Transporters that are actively expressed by members of the acI lineage, as inferred from consensus annotations of genes associated with transport reactions present in metabolic network reconstructions. The intensity of the color indicates the log2 fold change relative to the median value determined for the encoding gene cluster. For multisubunit transporters, the RPKM of the substrate-binding subunit was chosen (see Table S13 in Data Set S1). For some transporters, consensus annotations have been replaced with broad metabolite classes. Such metabolite classes are indicated with superscripts, and the original annotations are as follows: 1, spermidine and putrescine; 2, maltose; 3, xylose; 4, ribose; 5, uracil; 6, cytosine/purine/uracil/thiamine/allantoin; 7, xanthine/uracil/thiamine/ascorbate.

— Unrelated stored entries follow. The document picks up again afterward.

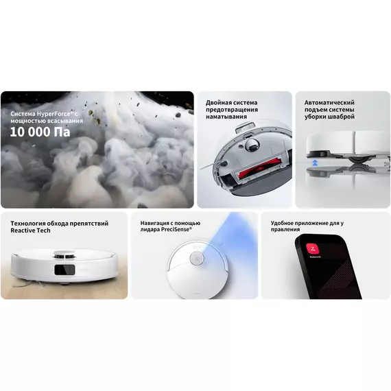 | Функции робота-пылесоса | автоматический поиск зарядного устройства, выбор зоны, построение карты помещения, сохранение карты помещения, управление со смартфона |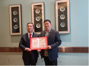 3月25日上午,韩国中部大学国际交流院金哲星教授应邀到雷竞技RAYBET进行交流访问,一同来访的还有韩国中部大学授权机构燕巢集团刘金奎副董事长、张彩彩总经理、徐志业副总经理和合作部李红召经理。金哲星教授为公司2020级部分同学风趣幽默地介绍了韩国语学习情况,徐志业讲解了一些韩国文化和中部大学基本情况。王明吉经理、姜玉婕副经理和公司国际交流中心王莹主任陪同访问。王明吉经理代表公司向金哲星教授颁发了客座教授证书。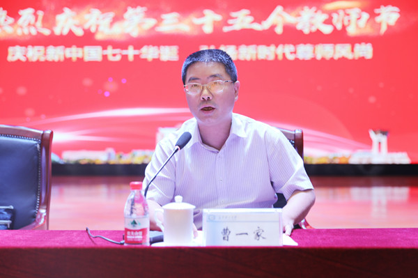 付宏渊指出,学校建设“双一流”、跻身全国百强的底气与自信,源于新时代党和国家对高等教育的重视,源于学校60多年来的办学成就与文化,源于学校拥有一支师德高尚、业务精湛、开拓创新的教师队伍。他认为,要弘扬新时代尊师风尚,就要尊重教师主体地位,营造尊师重教浓厚氛围;要努力改善教学科研环境,激发教师从教热情;要持续加强师资队伍建设,提高教书育人水平。他希望,全校教职工不忘育人初心,严守师德底线,勇于改革创新,始终坚定百强大学目标信心,致力于内涵发展,全面提高人才培养质量,以优异的成绩向新中国成立70周年献礼。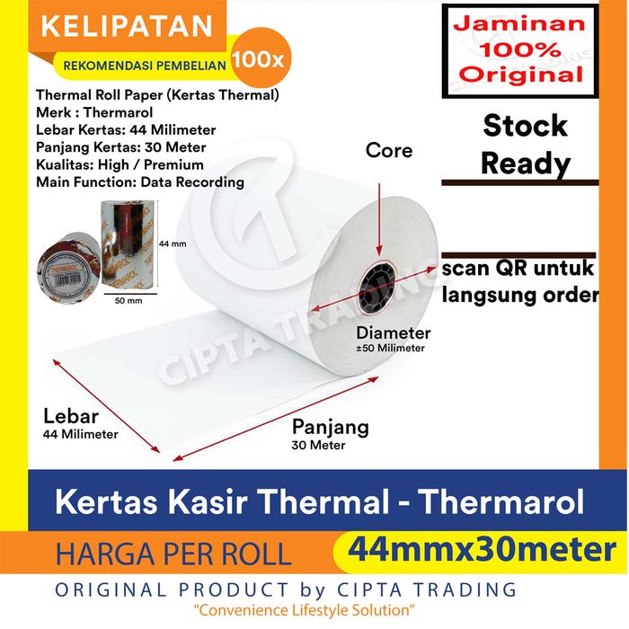 PROMO 8.8 KERTAS THERMAL THERMAL PAPER THERMAROL 44MM X 30METER 1 PC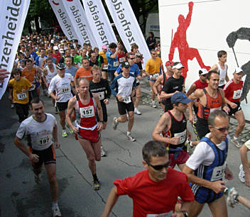 Startlinie und laufe die ersten drei Kilometer zusammen mit Erwin.

All clades also expressed transporters consistent with the presence of glycoside hydrolases, including transporters annotated as putative maltose, xylose, and ribose ABC-type transporters, which may indicate that acI bacteria are capable of transporting sugars, including both disaccharides (maltose) and monosaccharides (xylose and ribose). Of these, the putative maltose transporter was most highly expressed (but only in clades acI-A and acI-B), with expression values for the substrate-binding protein in a range in excess of 40 times the median (Table S13 in Data Set S1).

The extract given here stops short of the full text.